Employing hand-collected data for a random sample of about 400 U.S. actively managed equity mutual funds, we find that, on average, funds paying higher soft dollar commissions perform poorly and assess higher management fees. Thus, mutual fund shareholders do not benefit the use of soft dollars. Larger and longer-serving boards of fund directors are associated with lower soft dollar commissions, while boards with higher proportions of directors with finance background – with higher soft dollars.
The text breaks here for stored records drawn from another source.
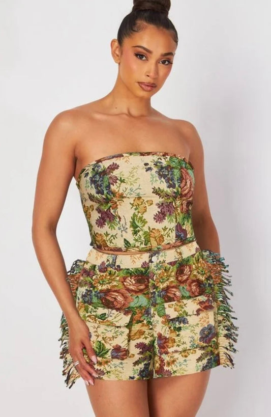 Bloom in Rose Floral Corset and Pants Set
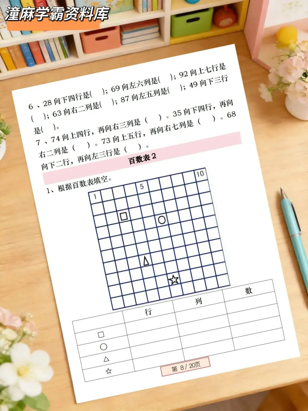 1. 先懂规律再做题:先对照百数表,让孩子亲手圈出上下、左右、斜向相邻数,直观感受差1、差10的规律,再动笔练习,避免机械记忆。
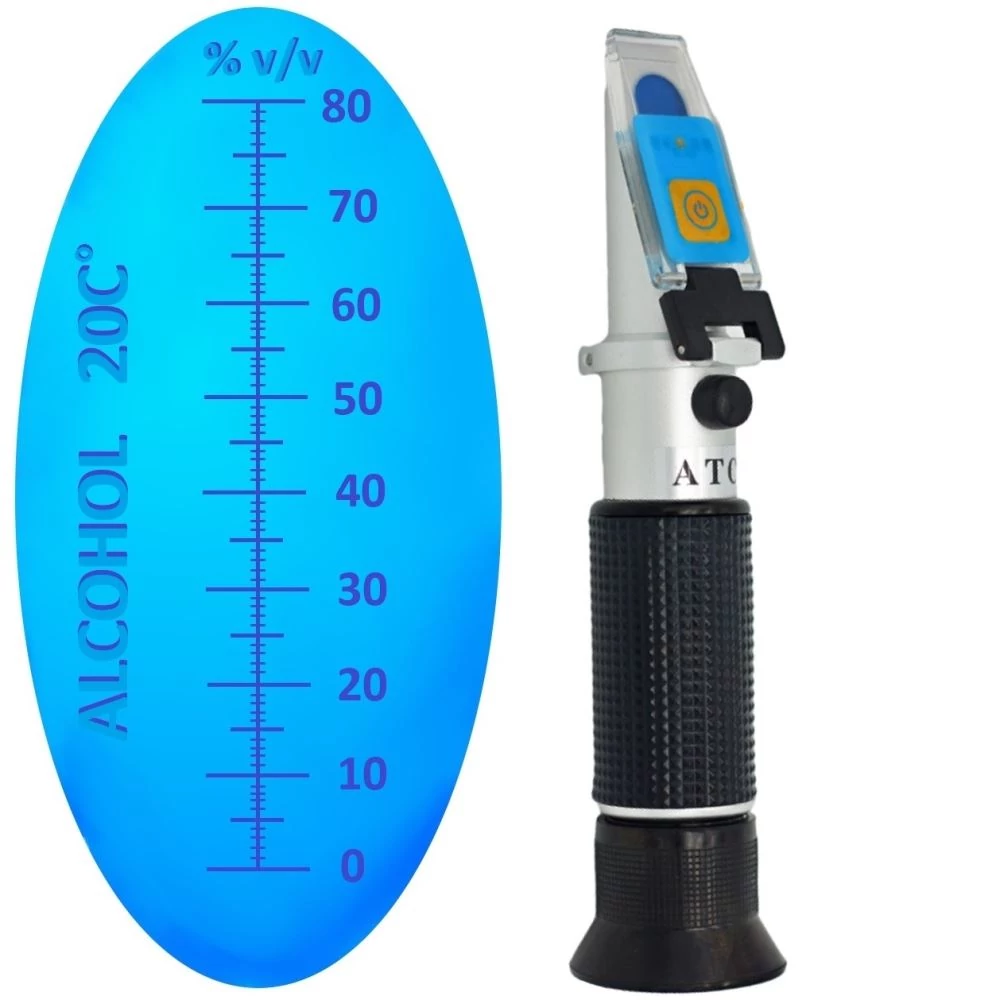 Alkohol szesz fokoló 0 - 80 % ig vv atc kézi refraktometer műszer.

Investors should not consider the expense ratio an all-encompassing cost of mutual fund investing. Brokerage commissions are also passed onto shareholders. One should consult a Statement of Additional Information (SAI) to evaluate the fund’s brokerage costs. On the regulatory side, the Securities and Exchange Commission (SEC), which has been reluctant to outlaw soft dollars, may at least consider requiring investment companies to prominently disclose the cost of brokerage commissions in addition to the expense ratio and sales loads.
Yaman Ö. Erzurumlu and Vladimir Kotomin, 2015, Mutual Funds’ Soft Dollar Arrangements: Determinants, Impact on Shareholder Wealth, and Relation to Governance , Journal of Financial Services Research, forthcoming, doi 10.1007/s10693-015-0222-1.